Resistance training produces an increase in the thickness of the left ventricle. Essentially, it has more mass to oppose resistance and is able to force more blood out. This is brought about by pressure loading from resistance exercise.
How to decrease mean arterial pressure
Decreasing your mean arterial pressure is as easy as decreasing your sodium intake and increasing exercise frequency. However, it is important to note that genetics plays a very significant role when it comes to your BP. Of course, if you are trying to decrease your BP you should first discuss a plan of action with your doctor.
As far as your diet goes, try out seasoning your meals with salt-free spices.
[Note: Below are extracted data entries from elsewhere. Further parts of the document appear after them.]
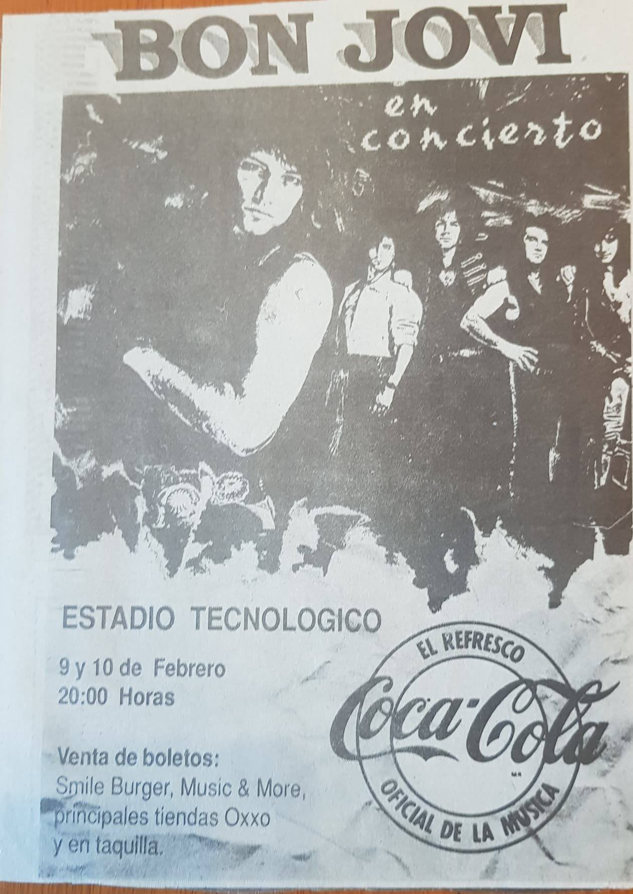 En efecto, la banda de hard rock oriunda de Nueva Jersey se presentó en Monterrey y por partida doble, los días 9 y 10 de febrero de 1990, teniendo como sede al Estadio Tecnológico.
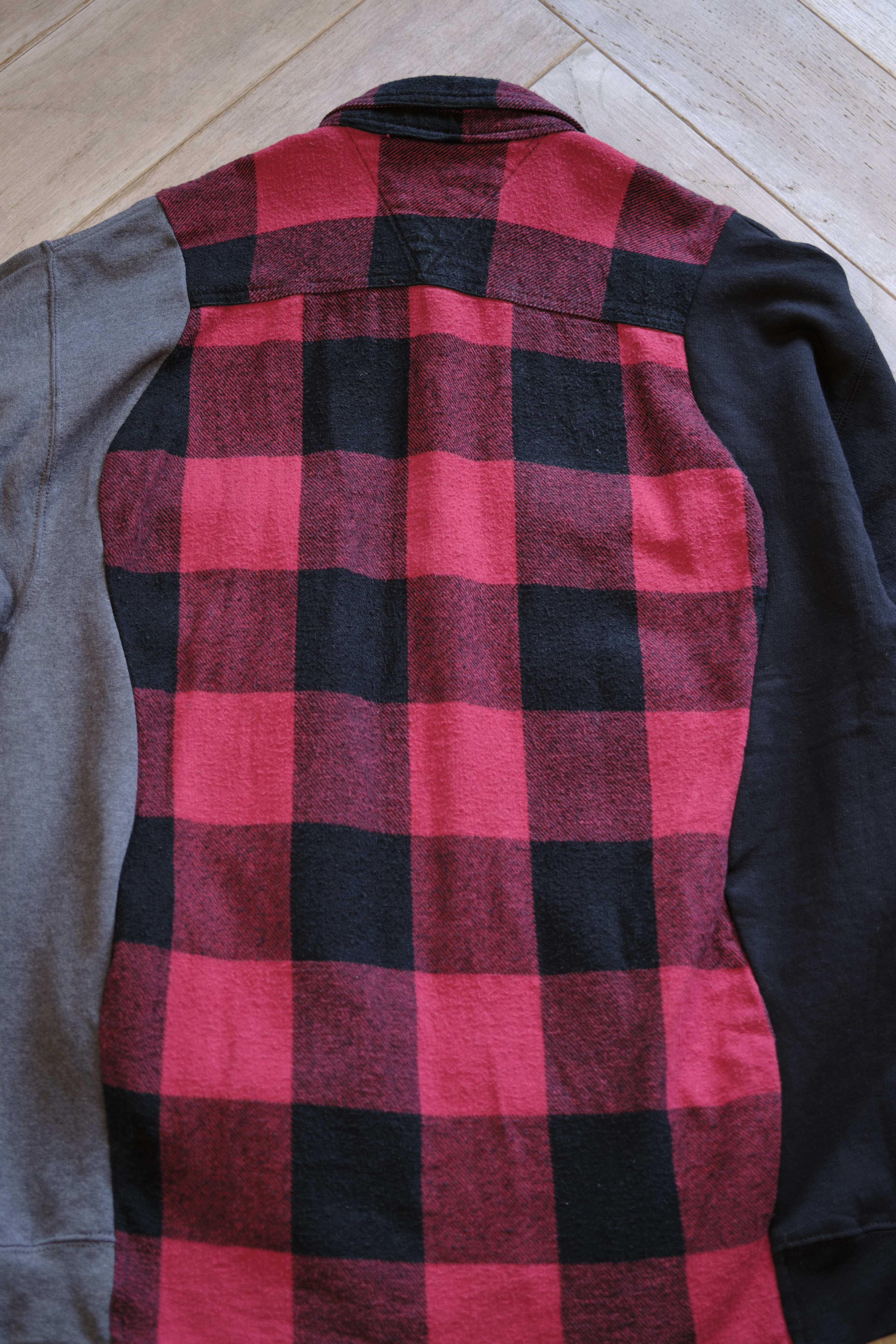 Ⅲ. チェックシャツのカジュアルさとスウェットのラフさが融合したデザインで、ジャケットのインナーにもライトアウターにも使える、ストリートで映える一着。
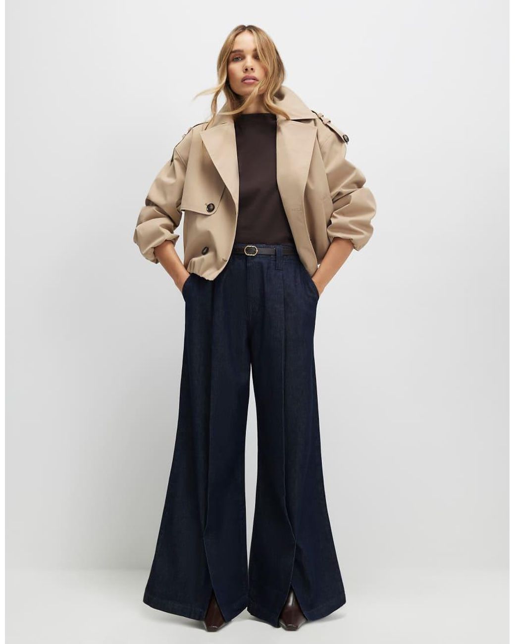 Belted Split Hem Wide Leg Jeans
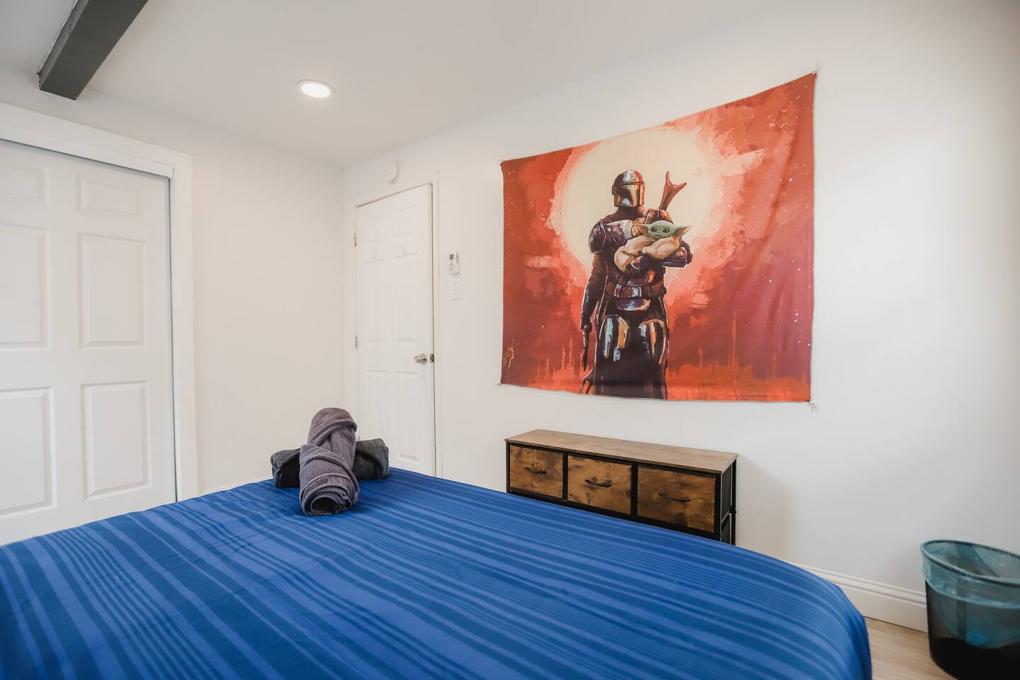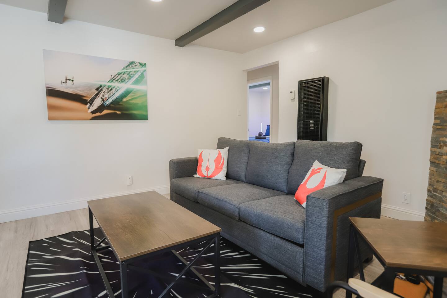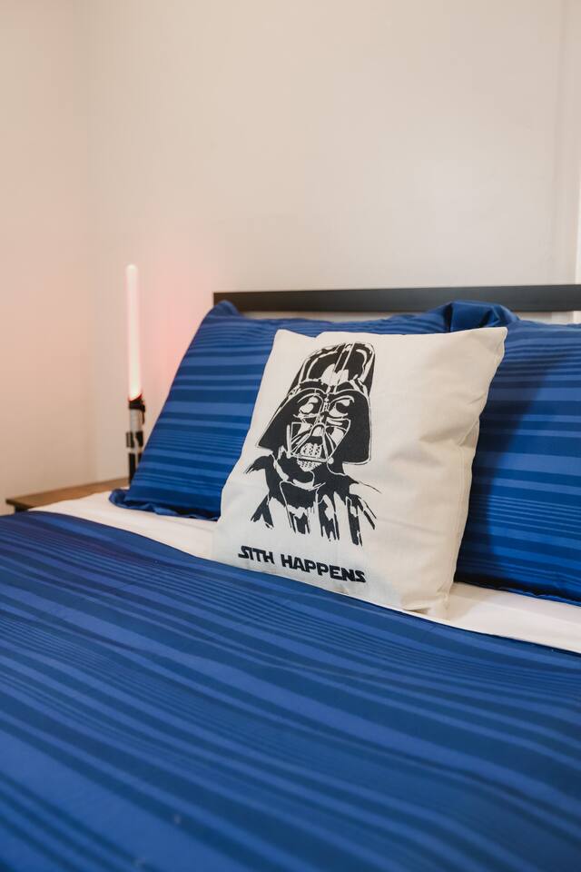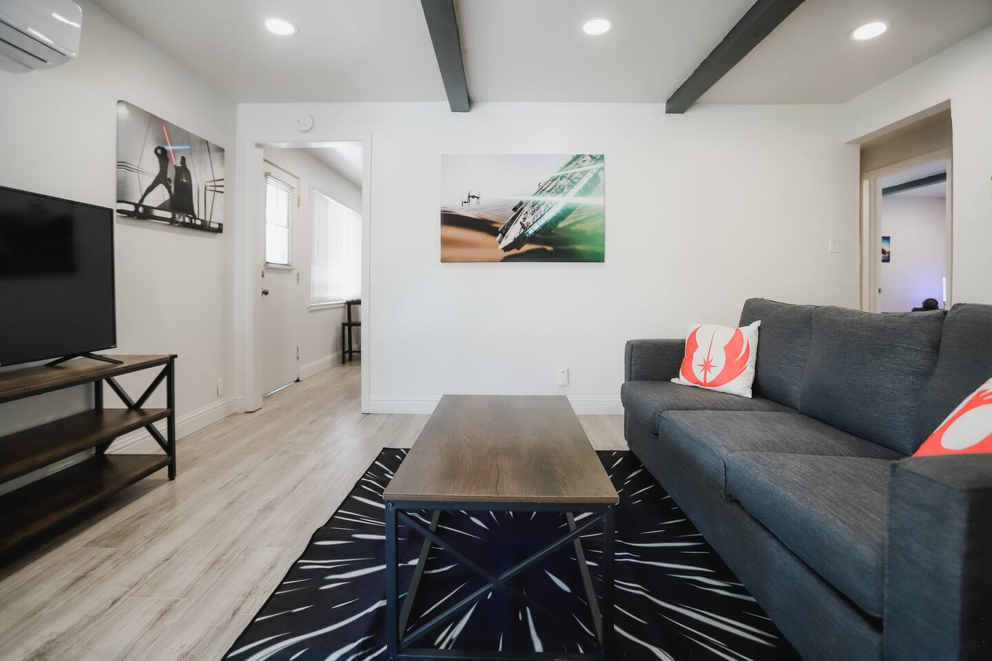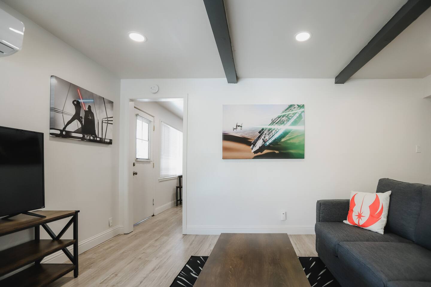 Our modern, updated space has all the comforts of home while you are away. This 2x1 is decked out with Starwars - themed decor throughout... May the force be with you! *Important: Though our smart TVs have streaming apps installed (Netflix, Disney+, Amazon Prime), guests would need to log in with their own credentials. Please remember to logout of the apps at checkout. Book with us and get: - Professionally cleaned home - Virtual Concierge 24/7

It probably won’t taste as good as salted seasonings, but you should try and make an active effort to make your health a priority. If not for you, than for your loved ones.
Weight resistance exercise is very helpful for decreasing BP levels, but aerobic exercise may be even better. Aerobic exercise or cardiovascular exercise can be anything from walking at the park for 10 mins a day to an intense 45 minute fartlek training run. Your initial fitness level will dictate just how intense you’ll be able to realistically workout.
Besides cleaning up your diet and exercising regularly, you may need to try out some medication. Talk to your doctor before you make any decisions regarding this issue though so you’ll have the best chance of achieving your goals of decreasing your mean arterial pressure.
Final thoughts on mean arterial pressure…
Remember that there are two different mean arterial pressure formulas you should know. The first one should be recorded at rest and is 1/3 (SBT – DBT) + DBT. The second calculation is 1/2 (SBT – DBT) + DBT which should be recorded during exercise.
You divide by “1/3” in the first mean arterial pressure formula because diastole usually lasts longer than systole at rest. In the second mean arterial pressure formula you divide by “1/2” because diastole lasts less time than systole during exercise.
Cleaning up your diet and starting an exercise program are huge factors for decreasing mean arterial pressure. More specifically it’s the reduction of salt that will significantly help you to decrease your BP. If you are sedentary then you need not workout to extremes thinking that more is better. Start off slow and increase your exercise intensity and frequency when necessary. Remember to first talk to your doctor so you can be put on the right path to success early on.
Lastly, I hope that this article has helped you learn what the mean arterial pressure formula is and what it’s used for. It can be a very helpful value for you to be aware of if you’re wanting to stay on top of your health.
Kraemer, Robert. “Cardiorespiratory Physiology.” Southeastern Louisiana University. 4 May 2017, PowerPoint file.